The Messengers of Yesh Web Address

Friday, February 13, 2015

A Little About Me

Book Stuff
The book stuff first today in case I run short on time.
The sequel needs a tad more work. The main holdup is the cover. I don't want something that looks like a 6-yr-old did it.

Now on to me.
A lot of people don't know this, but I've never thrill-killed a hobo in a Chicago railyard. My life didn't go down that path. My parents never got divorced. I never descended into a world of drugs, cheap booze and even cheaper women. I never found myself standing with several friends strung out on whatever the popular drug was when I was a teenager in front of a passed out hobo daring each other to shoot him first. I never ended up on the run from the Chicago PD that concluded with me handcuffed in a pool of my own vomit. I haven't always made the best choices in life, but I made better choices than all that!

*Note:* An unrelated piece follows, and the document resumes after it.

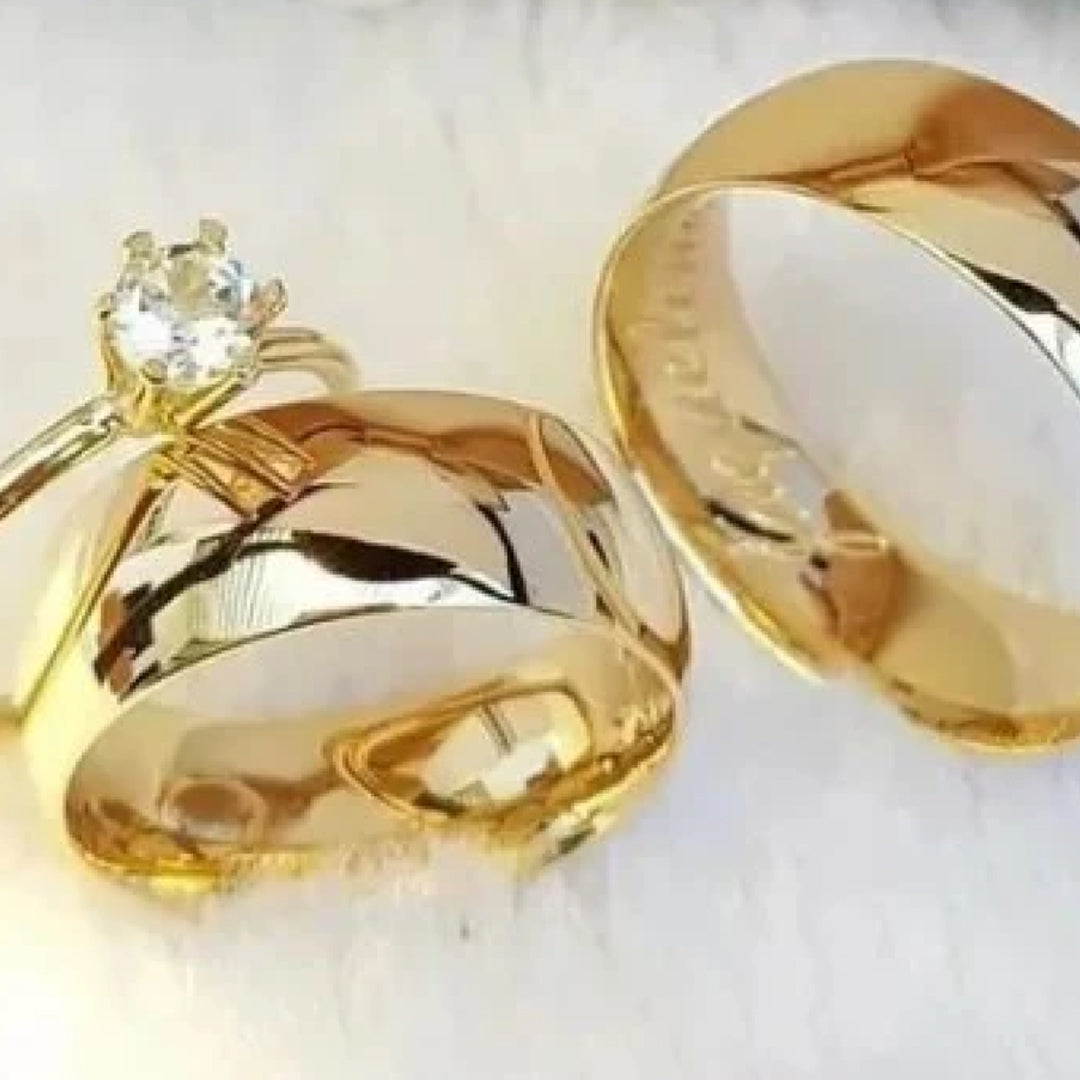 Combo Alianca Tradicional 6Mm Solitario Liso Revestidas A Ouro 18K 1

In fact, I've never even been to Chicago. If I did get to visit, I'd want to take in a Cubs game at historic Wrigley Field. There wouldn't be much point to going if I couldn't, right? Preferably, they'd be playing the Braves. The game would be during the day the way nature and Harry Caray intended. While I was in the area, I'd hang out by Lake Michigan and maybe go out on a boat on a nice day that wasn't too windy.

The Cubs look good this year, but they're usually not a very winning team. I have a theory on that, and it has nothing to do with curses. It's the name. A cub is a baby bear. The equivalent of the Chicago Baby Bears isn't working. They play down to the name. How are the other teams supposed to feel intimidated when they're playing against a team named after baby animals? They need a manlier name. Chicago Grizzlies. Chicago Sasquatches. Something that's not a baby name.